Wirt Adams was promoted to Brigadier general on September 25, 1863; Robert C. Wood Jr. was promoted to Colonel, and the Regiment was subsequently known as Wood's Regiment. The regiment continued to operate near the Mississippi river around Vicksburg after the fall of that city to Union forces in July, 1863, clashing with Federal forces under the command of General James B. McPherson at various locations in the vicinity. When Union General William T. Sherman began his campaign towards Meridian in February, 1864, Wood's Regiment skirmished with Federal troops at several points along their line of march.
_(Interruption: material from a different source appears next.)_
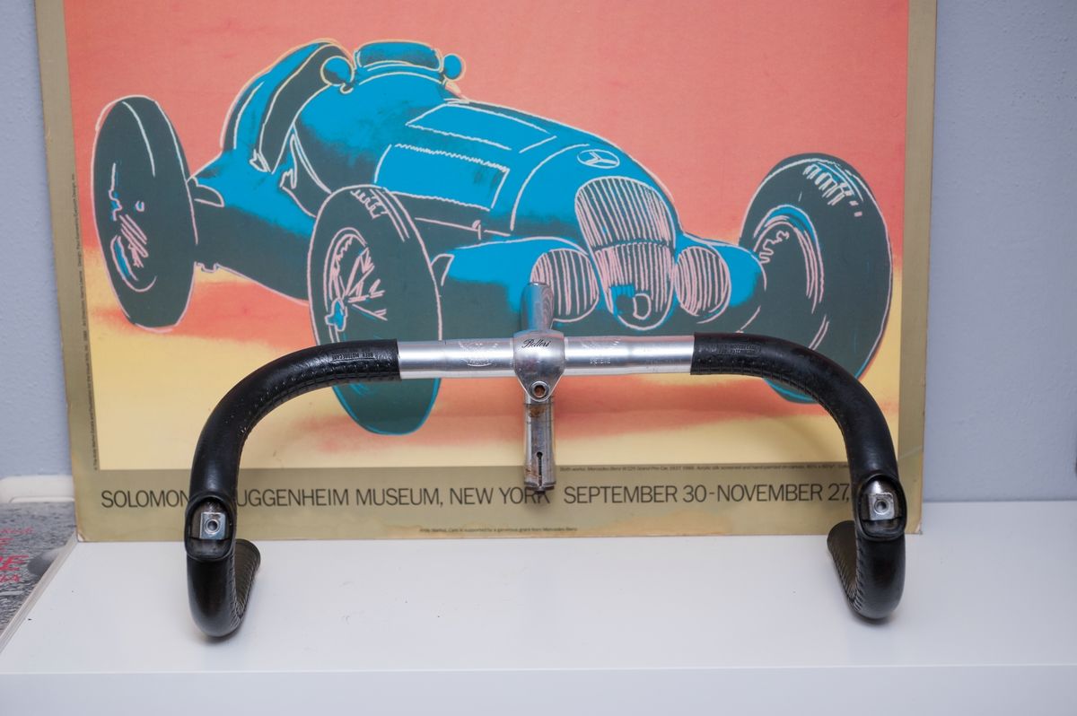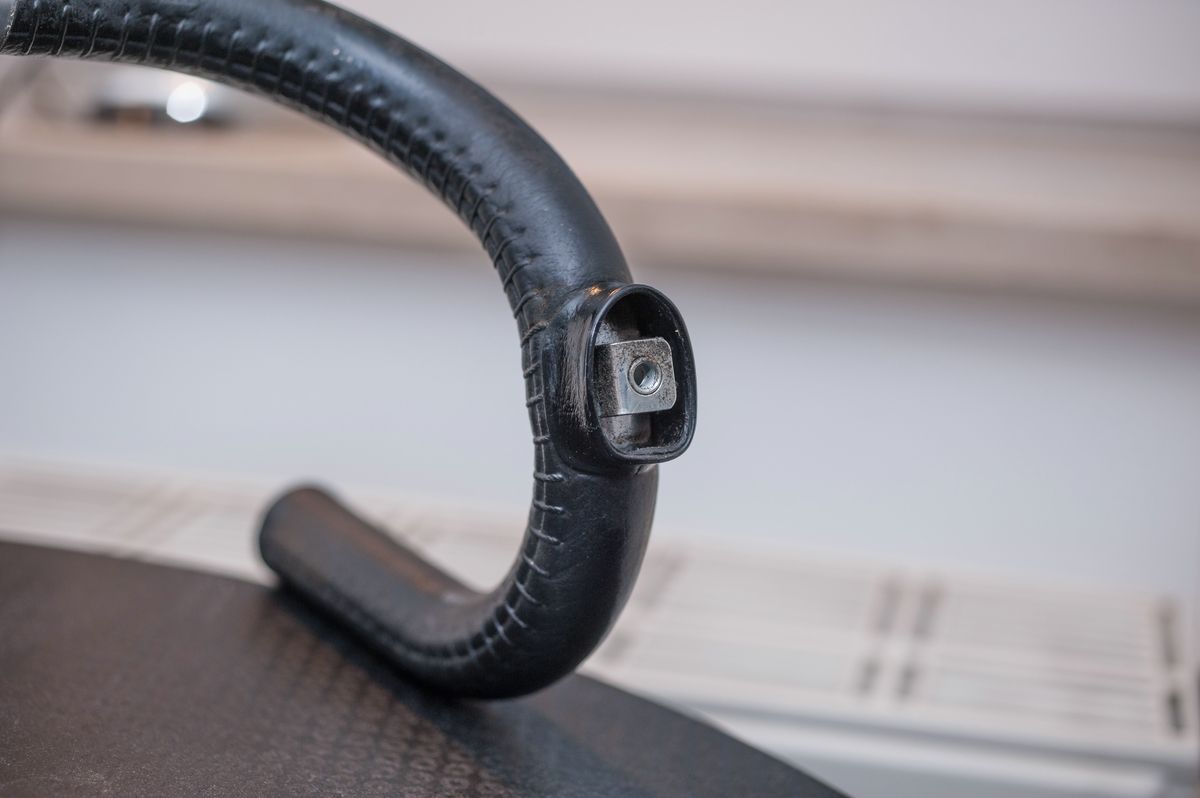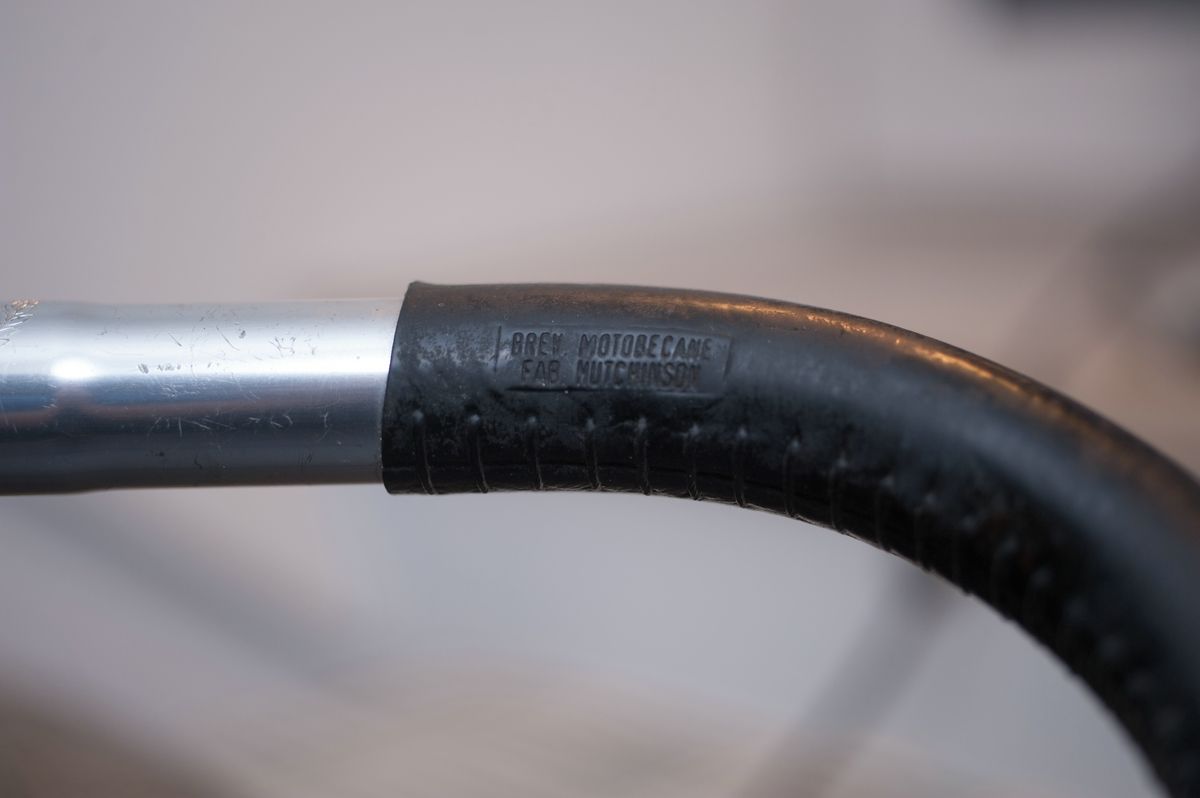 Bremshebel mit weißen Hoods - neu aber waren wohl mal montiert. Sieht man an den dezenten Klebespuren der Chromschellen.

The Regiment fought further battles against Union forces in Mississippi in 1864 and 1865, including the Battle of Egypt during Grierson's 1864 raid against the Mobile and Ohio Railroad. In the final stages of the war, Adams' brigade, including his former regiment, was attached to Forrest's Cavalry Corps, and fought in the Battle of Selma before surrendering in Sumter County, Alabama on May 4, 1865.

==Commanders==
Commanders of Adams'/Wood's Regiment:
- Col. Wirt Adams, promoted to Brigadier general September 1863.
- Col. Robert C. Wood Jr.
- Lt. Col. Thomas Lewers
- Lt. Col. Stephen B. Cleaveland

==Organization==
Companies of Adams'/Wood's Regiment:
- Company A, "Tensas Cavalry" of Louisiana (later transferred).
- Company A, formed from Company K of Yazoo County, Mississippi, in 1864.
- Company B, of De Soto County and Senatobia, Mississippi.
- Company C
- Company D, of Madison and Leake Counties, Mississippi.
- Company E,
- Company F, of Warren and Claiborne Counties, Mississippi.
- Company G, of Louisiana.
- Company H, "Lowndes Rangers" of Lowndes County, Alabama.
- Company I, of Clarke and Baldwin Counties, Alabama.
- Company K, "Anding Hussars" of Yazoo County, Mississippi.
- Company L
- Company M, "McKie Cavalry" of Canton, Mississippi.